Worryingly, its inventory grew by 30% over the same period last year, to $1 billion 100 million.
In addition, total debt rose by 42% to $1 billion.

The Sports Authority event has a great impact.
In the US market, the channel is bankrupt and inventory is backlog. The cost to UA is a sharp increase in cost and a sharp drop in profits.
UA is not a case.
A recent UBS report said that 4-6 months in 2016 was one of the most difficult quarterly sports industry in the United States.
In 2015, the large amount of stock accumulated during the holiday season (from Thanksgiving to Christmas and new year) and the bankruptcy liquidation of Sports Authority in March seriously affected the market performance of sporting goods brands.
The US market is still the main source of revenue for Nike and UA.
Sports Authority is the fourth largest sporting goods retailer in the United States.
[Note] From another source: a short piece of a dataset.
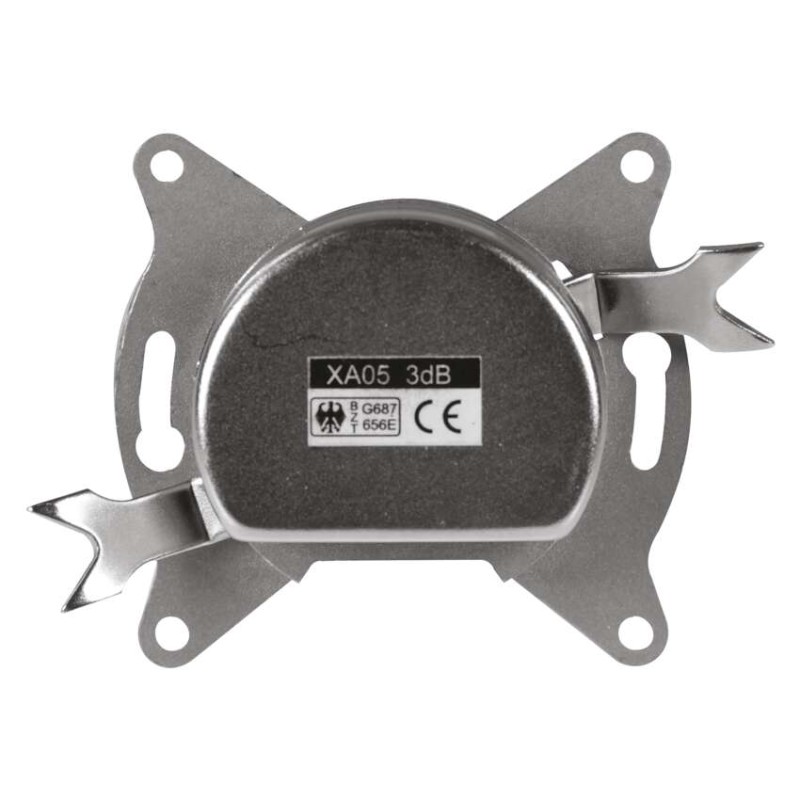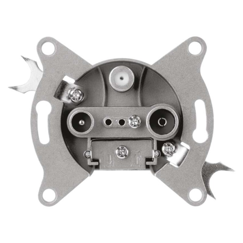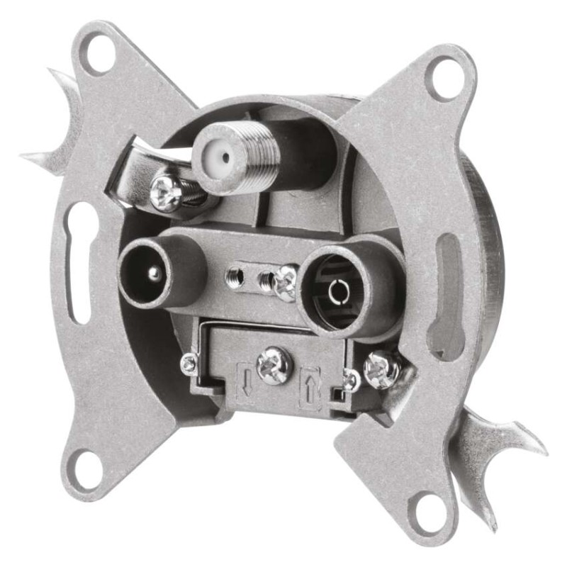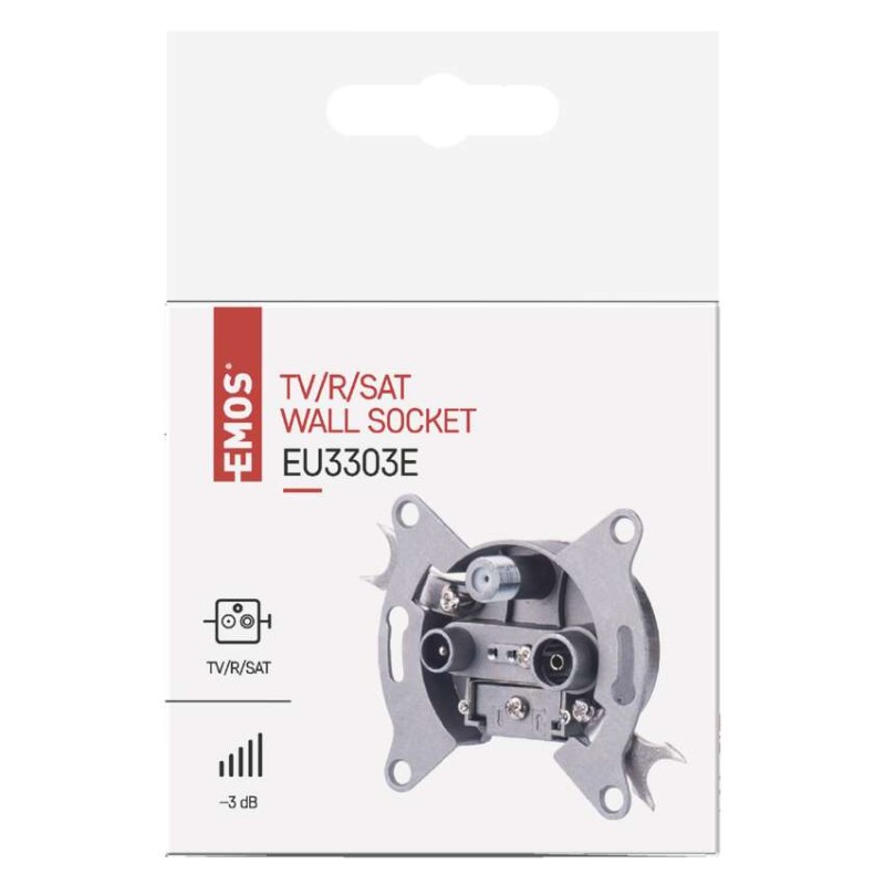 Absolventní zásuvka EU 3303 satelitní koncová zásuvka s útlumem 3 dB a zásuvkami pro TV + Radio + SAT. Abonentní zásuvka propojuje např. anténu s TV, satelitem nebo set-top-boxem. Zásuvka SAT je průchozí pro stejnosměrné napětí a lze ji použít i pro průchod napájení předzesilovače v pozemní anténě.

It has more than 460 stores in the United States, and its closure has had a great impact on many sports brands.
Morgan Stanley and Cowen &Co.'s report pointed out that analysts are worried about whether Nike can guarantee sustained growth in the North American market amid the backlog of inventory and the poor supply chain.
To this end, at least four brokerages lowered the rating of Nike stock.
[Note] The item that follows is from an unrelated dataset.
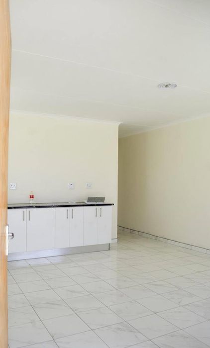 Secure, relaxed family living in Extension 6, Okahandja with open-plan kitchen, paved courtyard and fiber internet; features two bedrooms, one bathroom and a motorised double garage.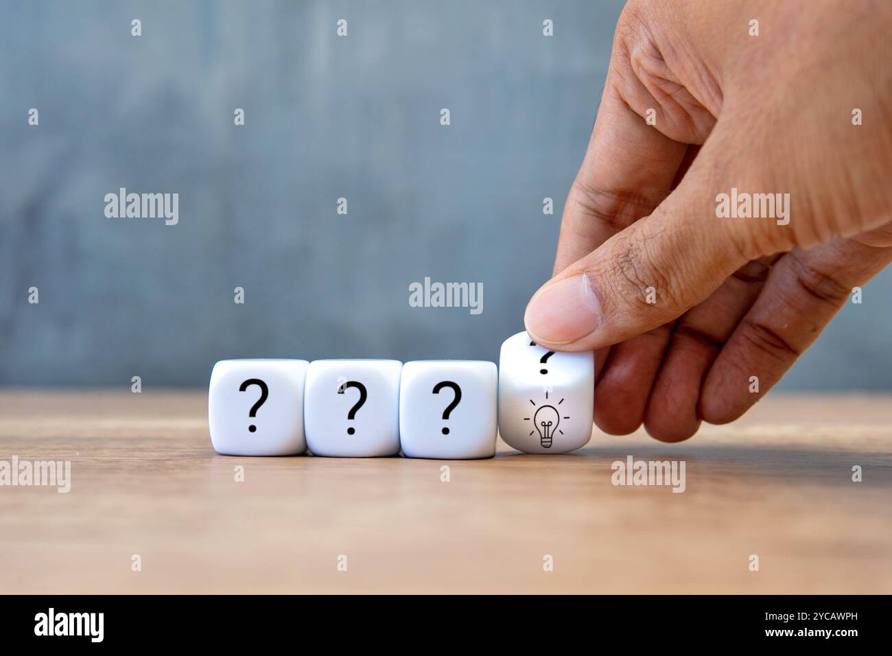Question marks and lightbulb on white cubes. Problem solving ...

The latest corporate earnings report at the end of June shows that Nike has a large stock.
In a recent conference call, Trevor Edwards, President of Nike brand, also said that Nike would handle large quantities of inventory through factory shops and third party sales channels.
UBS believes that Nike may have to spend more time than expected to digest clothing inventory.
Not only UA and Nike, Lulu lemon (Lululemon) are also trapped here.
According to the commercial insider, in the first quarter of May 1st, Lulu lemon inventory increased by 21%, and sales fell by 17%.
But in UBS's view, UA also has its own shortcomings, such as slow reaction to market trends.
Women's and young people's clothing, originally UA's two key categories, is now slow to sell.
Morgan Stanley's March report pointed out that in the first quarter, the sales of UA women's clothing decreased by 7% compared to the same period last year, down by 6%.
Of course, UA is also adjusting strategies to deal with it.
To open up the fashion market, UA will launch a new high-end product line named UAS (Under Armour Sportswear) in the autumn, and excavate Tim Coppens, the fashion designer who worked in Ralph Lauren and Adidas, as the chief creative officer of the product line.
UAS's jogging pants may cost $395 at that time.

Tim Coppens UA dug up and wanted to play a big role in the fashion industry.
The company has high hopes for UAS.
Ben Preuss, senior vice president of UA, said, "this gives us an opportunity to reach new consumer groups."
Planck said, "UAS will bring young, fashionable and innovative voice to sportswear.
This is a good opportunity. "
UA is also making a big push into the western United States to attack Nike's hinterland.
In May this year, UA signed a long contract with UCLA for a total price of $280 million for 15 years, facing Nike in the campus sports footwear market.
In addition, to expand sales channels, starting next year, 1100 stores under Kohl's s will sell UA products, which is expected to contribute 10% of the latter's North American sales.
In Losangeles, there are 100 offline stores in the Department of Sports, which will fill the 60 stores that UA has lost due to the bankruptcy of Authority.
UA is also strengthening its defense in the East.
Planck said that in 2019, they will take over the position left behind after the closure of FAO Schwarz, a large toy flagship store in New York.
For this 53000 square foot flagship space in Fifth Avenue, New York, Planck is planning to open the world's largest retail store.